What you should do >> Give back every record word for word, but keep the pictures out.

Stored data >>
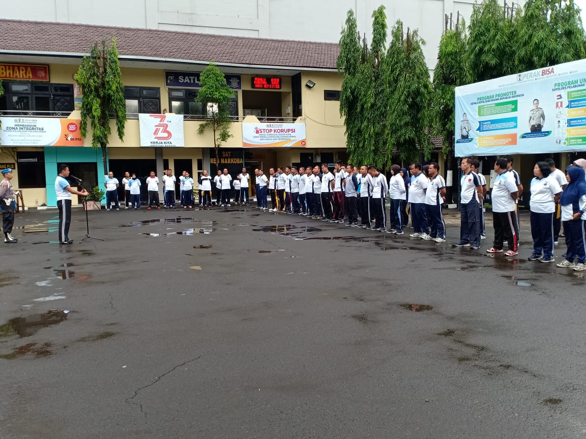 Kegiatan olahraga ini diikuti seluruh personil dan para PJU dengan penuh semangat. Mereka melaksanakan senam pagi yang juga dipimpin oleh AKP Heru Purwandi.
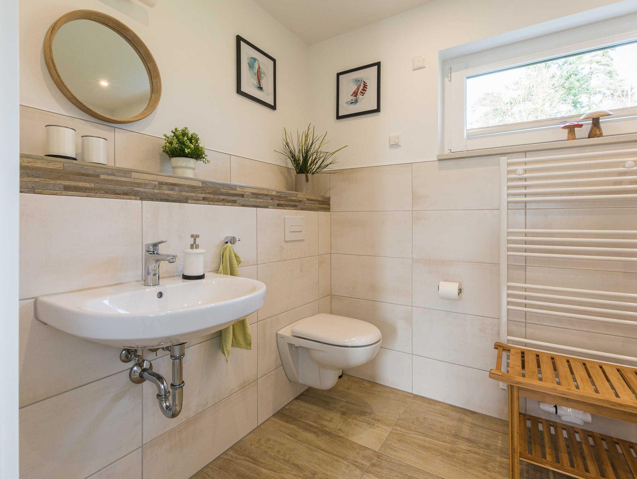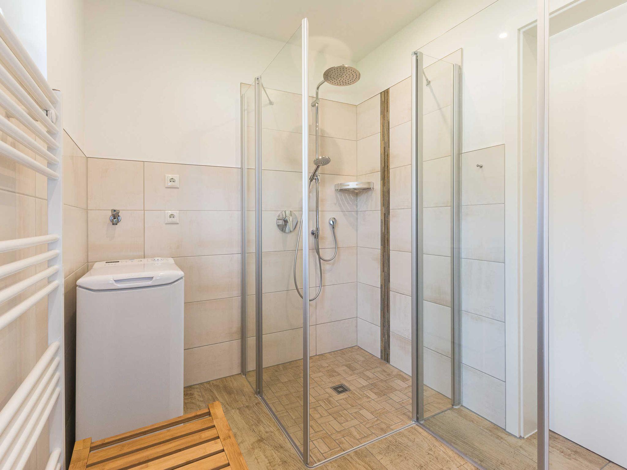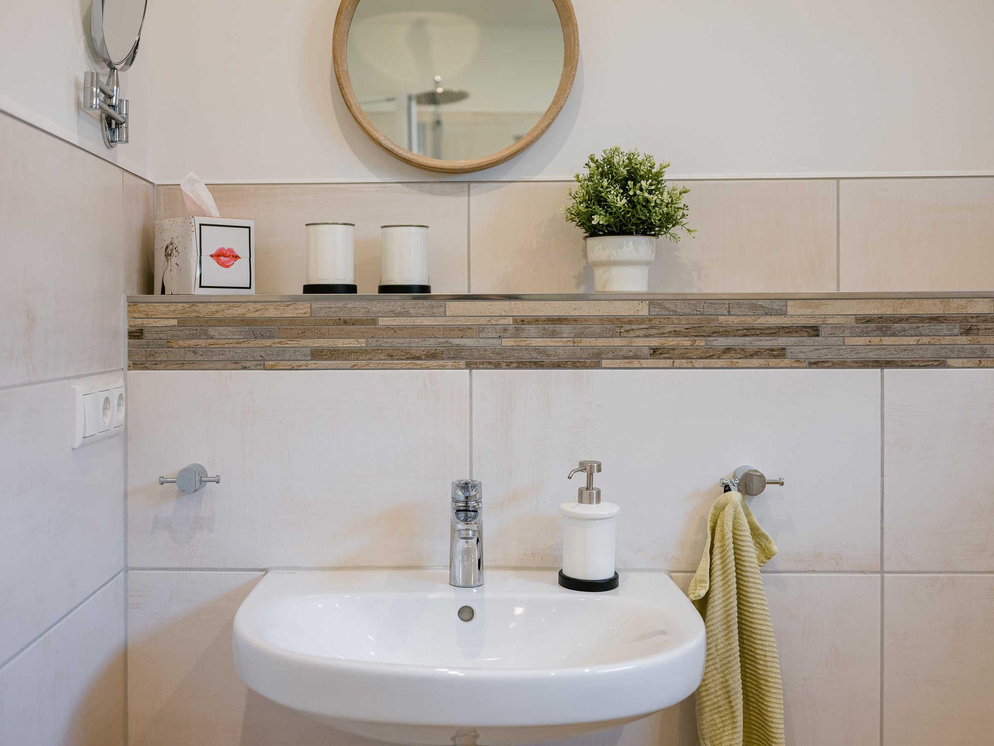 ebenerdige Dusche, WC, Waschtisch, Handtuchtrockner, Föhn, Waschmaschine
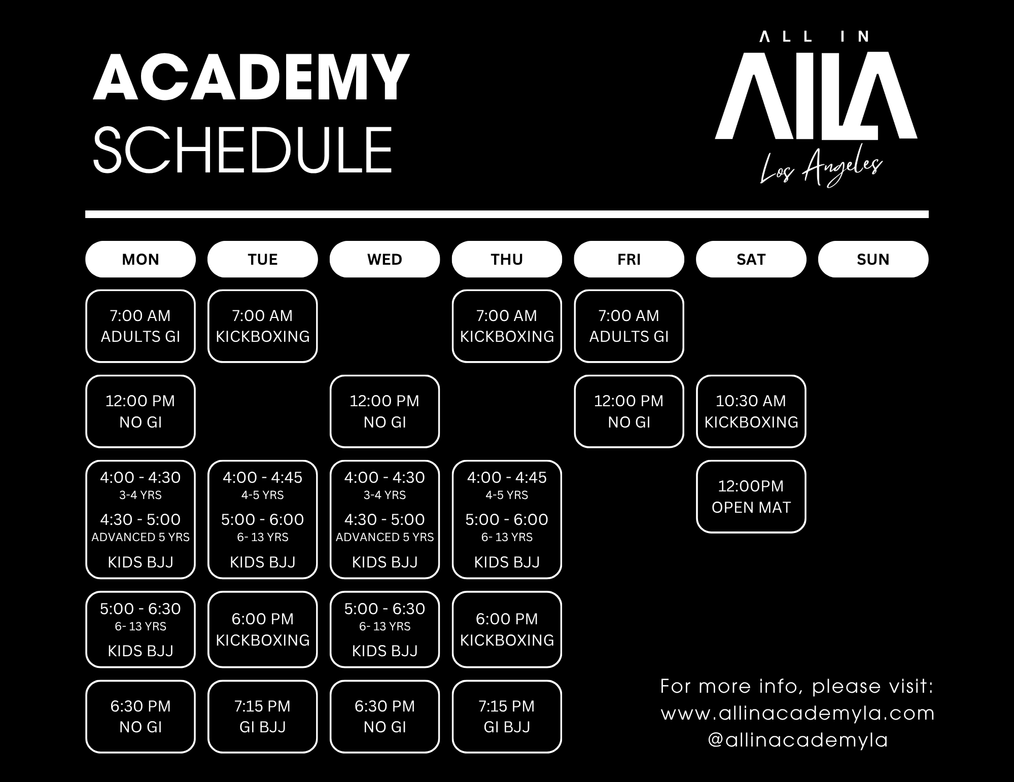 Check out our schedule below and find a class that fits your lifestyle. Whether you're training for competition, fitness, or personal growth, we’ve got a spot for you.
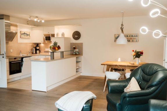 Das Appartement 1.1 befindet sich im Erdgeschoss mit Terrasse. Im Wohnraum finden Sie eine gemütliche Couchgarnitur. Die Küche und der Essbereich sind im Wohnbereich integriert. Beide Schlafzimmer sind mit Doppelbetten ausgestattet. Ein Schlafzimmer mit TV. Das Bad verfügt über eine barrierefreie Dusche, WC und Sauna. Das Appartement verfügt zusätzlich über ein Gäste- WC und einer Abstellkammer. Fußbodenheizung befindet sich im ganzen Appartement. Auf die Terrasse gelangen Sie vom Wohnraum und den Schafzimmern, die in Südlage liegt. Das Appartement verfügt über eine Gegensprechanlage mit Kamera. Im Keller finden Sie Waschmaschine und Trockner (gebührenpflichtig), Abstellraum für Fahrräder und einen gemeinschaftlichen Fitnessraum. Aufzug im Haus. Am Haus finden Sie einen weiteren abschließbaren Fahrradabstellraum und einen kleinen Spielplatz für unsere kleinen Gäste.
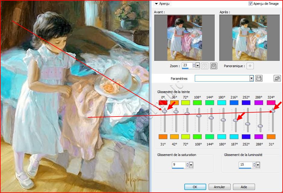 *** 2 - Activer votre image **Réglages/Teinte et Saturation/Glissement de la teinte réglages par défaut Ouvrir la liste déroulante des différents paramètres :
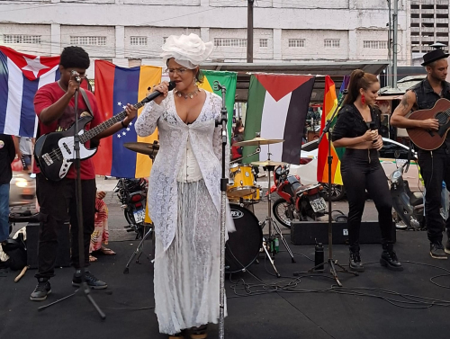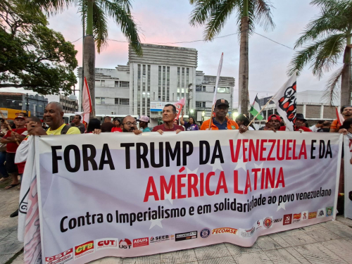 Para colocar as mãos em uma das maiores reservas de petróleo do mundo, a invasão dos Estados Unidos ao território da Venezuela e o sequestro do presidente Nicolás Maduro e da primeira dama Cilia Flores foram repudiados por várias lideranças sindicais, juventude, movimento estudantil, pelos vereadores Camilo Daniel (PT), Iran Barbosa (Psol), Sônia Meire (Psol), a deputada estadual Linda Brasil (Psol), o deputado federal João Daniel (PT) e o senador Rogério Carvalho (PT), presentes no protesto cultural.

Answer below >>
 Kegiatan olahraga ini diikuti seluruh personil dan para PJU dengan penuh semangat. Mereka melaksanakan senam pagi yang juga dipimpin oleh AKP Heru Purwandi.
 ebenerdige Dusche, WC, Waschtisch, Handtuchtrockner, Föhn, Waschmaschine
 Check out our schedule below and find a class that fits your lifestyle. Whether you're training for competition, fitness, or personal growth, we’ve got a spot for you.
 Das Appartement 1.1 befindet sich im Erdgeschoss mit Terrasse. Im Wohnraum finden Sie eine gemütliche Couchgarnitur. Die Küche und der Essbereich sind im Wohnbereich integriert. Beide Schlafzimmer sind mit Doppelbetten ausgestattet. Ein Schlafzimmer mit TV. Das Bad verfügt über eine barrierefreie Dusche, WC und Sauna. Das Appartement verfügt zusätzlich über ein Gäste- WC und einer Abstellkammer. Fußbodenheizung befindet sich im ganzen Appartement. Auf die Terrasse gelangen Sie vom Wohnraum und den Schafzimmern, die in Südlage liegt. Das Appartement verfügt über eine Gegensprechanlage mit Kamera. Im Keller finden Sie Waschmaschine und Trockner (gebührenpflichtig), Abstellraum für Fahrräder und einen gemeinschaftlichen Fitnessraum. Aufzug im Haus. Am Haus finden Sie einen weiteren abschließbaren Fahrradabstellraum und einen kleinen Spielplatz für unsere kleinen Gäste.
 *** 2 - Activer votre image **Réglages/Teinte et Saturation/Glissement de la teinte réglages par défaut Ouvrir la liste déroulante des différents paramètres :
 Para colocar as mãos em uma das maiores reservas de petróleo do mundo, a invasão dos Estados Unidos ao território da Venezuela e o sequestro do presidente Nicolás Maduro e da primeira dama Cilia Flores foram repudiados por várias lideranças sindicais, juventude, movimento estudantil, pelos vereadores Camilo Daniel (PT), Iran Barbosa (Psol), Sônia Meire (Psol), a deputada estadual Linda Brasil (Psol), o deputado federal João Daniel (PT) e o senador Rogério Carvalho (PT), presentes no protesto cultural.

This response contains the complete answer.